10.3 Finding Change Points in Time Series

Change-point analysis is used to examine whether an intervention or natural event has caused a change in the behavior of a time series. Let’s look at European stock market data:

str(EuStockMarkets)
##  Time-Series [1:1860, 1:4] from 1991 to 1999: 1629 1614 1607 1621 1618 ...
##  - attr(*, "dimnames")=List of 2
##   ..$ : NULL
##   ..$ : chr [1:4] "DAX" "SMI" "CAC" "FTSE"
plot(EuStockMarkets)

We want to find out the particular inflection point when the average value of stocks increase substantially.

# install.packages("changepoint")
library(changepoint)
DAX <- EuStockMarkets[,"DAX"]
DAXcp <- cpt.mean(DAX)
DAXcp
## Class 'cpt' : Changepoint Object
##        ~~   : S4 class containing 12 slots with names
##               cpttype date version data.set method test.stat pen.type pen.value minseglen cpts ncpts.max param.est 
## 
## Created on  : Thu Nov 10 04:05:49 2022 
## 
## summary(.)  :
## ----------
## Created Using changepoint version 2.2.4 
## Changepoint type      : Change in mean 
## Method of analysis    : AMOC 
## Test Statistic  : Normal 
## Type of penalty       : MBIC with value, 22.585 
## Minimum Segment Length : 1 
## Maximum no. of cpts   : 1 
## Changepoint Locations : 1467

The method of analysis is AMOC (at most one change). The “Type of Penalty” in the output refers to a mathematical formulation that determines how sensitive the algorithm is to detecting changes. Bigger penalty means only indentify the very largest shifts in the time series. The default for AMOC is Modified Bayesian Information Criterion (MBIC). We use the following plot to visualize where the change occur and how big the shift is:

plot(DAXcp,cpt.col="grey",cpt.width=5)

The DAX stock index is sluggishly hovering around 2,000 before the first quarter of 1997. The index unexpectedly increases to a higher level, just over 4,000, after the first quarter of 1997. The mean level of the index during the entire time period represented by each horizontal grey line. Using change-point analysis, we could detect shifts in the mean of the time series as the intervention is added and removed.

Instead of mean, cpt.var() is used to detect changes in the variability of a time series over time.

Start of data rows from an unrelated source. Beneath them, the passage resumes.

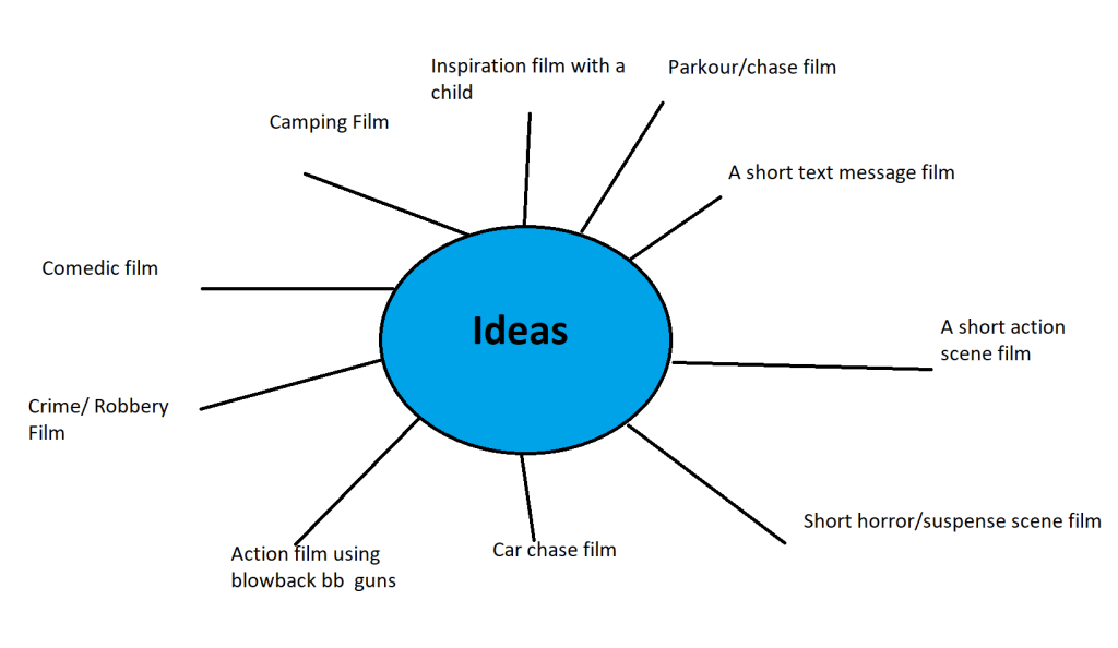 Above are 10 different ideas that I came up with for our upcoming film. In order to brainstorm these story basis, I excluded any ideas that were either too difficult, or out of our budget.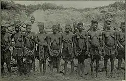 Women in these cultures often shave their heads similarly to men, though they may retain a small tuft of hair on the crown, from which they allow one or two long strands to grow. These strands are frequently decorated with beads and may be styled into pigtails. Men may adorn themselves with headgear made from the stomachs of cows or calves, shaped while still warm, which drapes over their shoulders and is often embellished with beads, metal fringes, and decorative tin pieces.[5]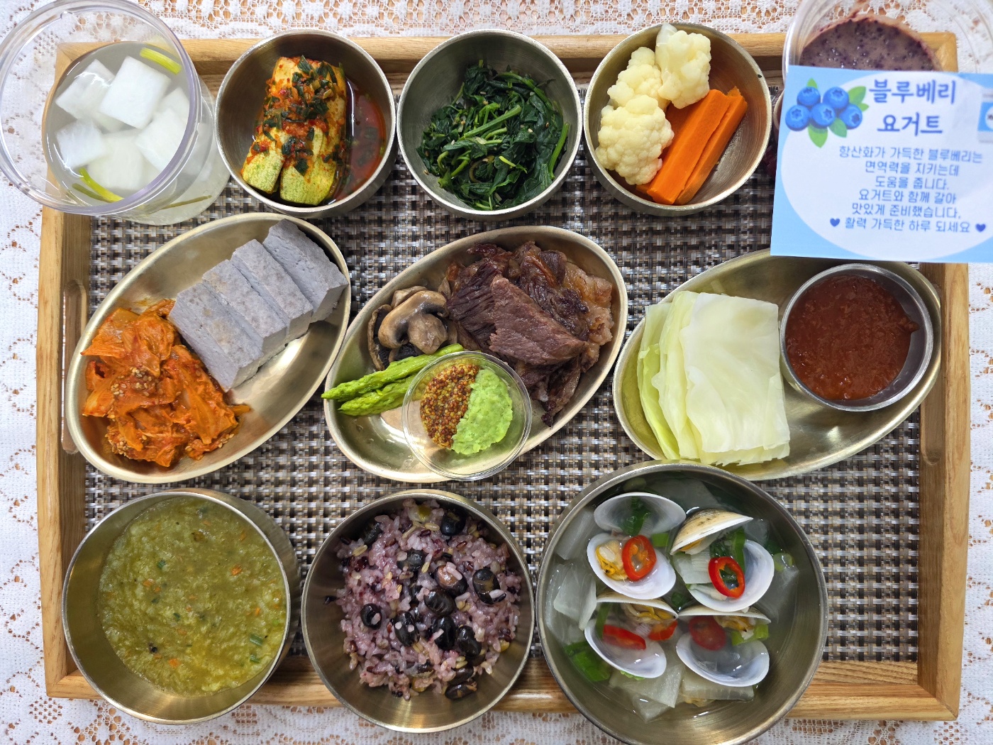 잡곡밥/영양죽/모시조개탕/와규구이/서리태온두부&볶음김치/양배추쌈/고춧잎나물/오이소박이/나박김치/숙당근&숙컬리플라워/수제블루베리요거트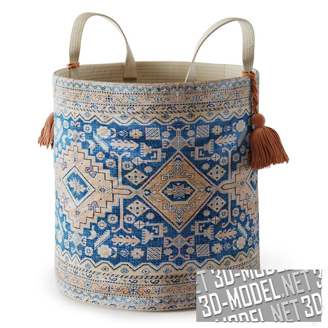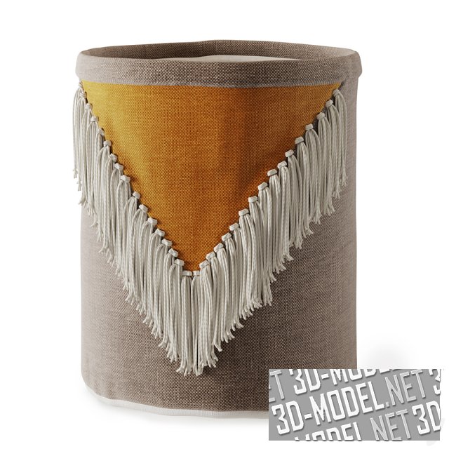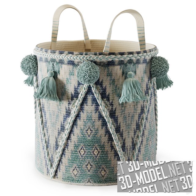 Четыре плетеные корзины, декорированные различными узорами, бахромой кистями и пр. Реалистичная трехмерная модель для различных проектов. Все текстуры присутствуют.

cpt.var(diff(EuStockMarkets[,"DAX"]))
## Class 'cpt' : Changepoint Object
##        ~~   : S4 class containing 12 slots with names
##               cpttype date version data.set method test.stat pen.type pen.value minseglen cpts ncpts.max param.est 
## 
## Created on  : Thu Nov 10 04:05:49 2022 
## 
## summary(.)  :
## ----------
## Created Using changepoint version 2.2.4 
## Changepoint type      : Change in variance 
## Method of analysis    : AMOC 
## Test Statistic  : Normal 
## Type of penalty       : MBIC with value, 22.58338 
## Minimum Segment Length : 2 
## Maximum no. of cpts   : 1 
## Changepoint Locations : 1480

This result indicates that the variability of the DAX stock index has increased substantially in 1997.